Я так и продолжал сидеть на столбике, не двигаясь, лыжня проходила метрах в трех от меня, совсем близко.
В принципе я фаталист, уже тогда был фаталистом: верил, что все не случайно, тем более когда происходят события маловероятные. Вот как сейчас: утром буднего дня в глубине безлюдного леса, на совершенно пустынной просеке первый попавшийся мне навстречу человек – молодая симпатичная женщина.
Она уже поравнялась со мной, я успел рассмотреть стройные, крепкие ноги в обтягивающих спортивных брюках, аппетитная, беззастенчиво выставленная напоказ попка привлекала объемной округлостью. Жаль, что грудь потерялась в свободном покрое надутой смятым пузырем куртке. Впрочем, в мои неполные двадцать я легко мог представить, как там все устроено, под ее спортивной оболочкой.
Я был уверен, что она заговорит со мной. Одиночество сближает людей, а здесь, среди бесчисленных, обступающих нас на километры деревянных стволов – хвойных, лиственных, березовых, осиных, кленовых, да какие только не обступали, – среди глубокой, безмятежной снежной целины мы были предельно одиноки. Всего двое однотипных, двуногих существ, помещенных внутрь беспредельной лесной отчужденности. Мы не могли не почувствовать притяжение. Я, например, чувствовал его очень остро.

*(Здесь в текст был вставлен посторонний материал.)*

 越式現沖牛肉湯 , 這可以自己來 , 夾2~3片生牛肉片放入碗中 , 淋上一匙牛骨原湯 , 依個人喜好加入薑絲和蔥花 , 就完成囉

Я не ошибся. Поравнявшись со мной, женщина притормозила, лыжи по инерции пронесли ее чуть вперед, прежде чем остановиться окончательно, ей пришлось обернуться, развернуть плечи, чтобы наши взгляды встретились. Мой нарочито прямой, открытый, как синева над нами… и ее, невидимый, секретно-агентурный, скрытый за импортными темными очками.
Мне надо было что-нибудь сказать, первая фраза обычно все определяет, ну если не все, то многое. Вот я и сказал то, что чувствовал:
– Правда ведь, одиночество сближает людей. Вот мы с вами сейчас так пустынно одиноки в лесу, и как бы мы ни балдели от этого, каждый по-своему, но все равно мы обречены…

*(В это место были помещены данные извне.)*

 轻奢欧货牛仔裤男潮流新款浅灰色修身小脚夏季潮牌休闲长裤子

Я специально оборвал себя на полуслове, незавершенность заманивает.
Она, конечно, не ожидала такой навороченной тирады и теперь наверняка прощупывала меня взглядом, мой простоватый, из ближайшего универмага костюм грубой синей шерсти, вытянутые, пузырящиеся на коленках штаны, до крайности потертый свитер с раскрытой до упора молнией на груди, белая майка светила из выреза почти прозрачной тонкостью.
Это был мой стиль: простая одежда, заношенная, потертая, уличная, которой явно не уделялось заботливого внимания, должна была контрастировать с беспризорной, артистичной копной вьющихся волос, выразительными чертами лица, с манерой речи – с тем, как я говорил, как строил фразы, когда их строил. Не только контрастировала, скорее противоречила. И тем самым выделяла и должна была по замыслу вызывать заинтересованность.
Безусловно, стиль этот был умышленный, продуманный. Но и не только. Он еще был естественным, гармонично подходящим для меня.
То ли у Лермонтова, то ли у Толстого в «Казаках» я прочитал, что черкесы, самые лихие из них, носили бедную, залатанную одежду, демонстративно подчеркивая свое полное пренебрежение к ней. Но в то же время украшали себя дорогим оружием – саблей, кинжалом, пистолетом – или что там еще полагалось тогдашнему черкесу. И чем разительнее было несоответствие, тем больше уважения джигит вызывал у соплеменников.
Иными словами, объяснял я сам себе, черкес ты или нет, но любому уважающему себя мужчине следует выделяться не приобретенными достоинствами, типа шмоток и прочей «фирмы», а достоинствами врожденными. Неплохо, например, если интеллектом, или фантазией, или, скажем, остроумием, или чем-то другим подобным.
Именно таким же лихим, хоть и не черкесом, ощущал себя я, пусть и не было у меня острого клинка в серебряных ножнах с эфесом, усыпанным драгоценными камнями. Но, как и лермонтовские герои, я вызывал противоречие, а значит, интерес. Не у всех, конечно. Но и меня не все интересовали. Уже тогда я научился определять женские типажи и знал, с кем и когда у меня практически нет шансов, так что можно не утруждаться. Но вот лыжница передо мной как раз счастливо принадлежала к типажу правильному, подходящему, а значит, попытка могла оказаться успешной.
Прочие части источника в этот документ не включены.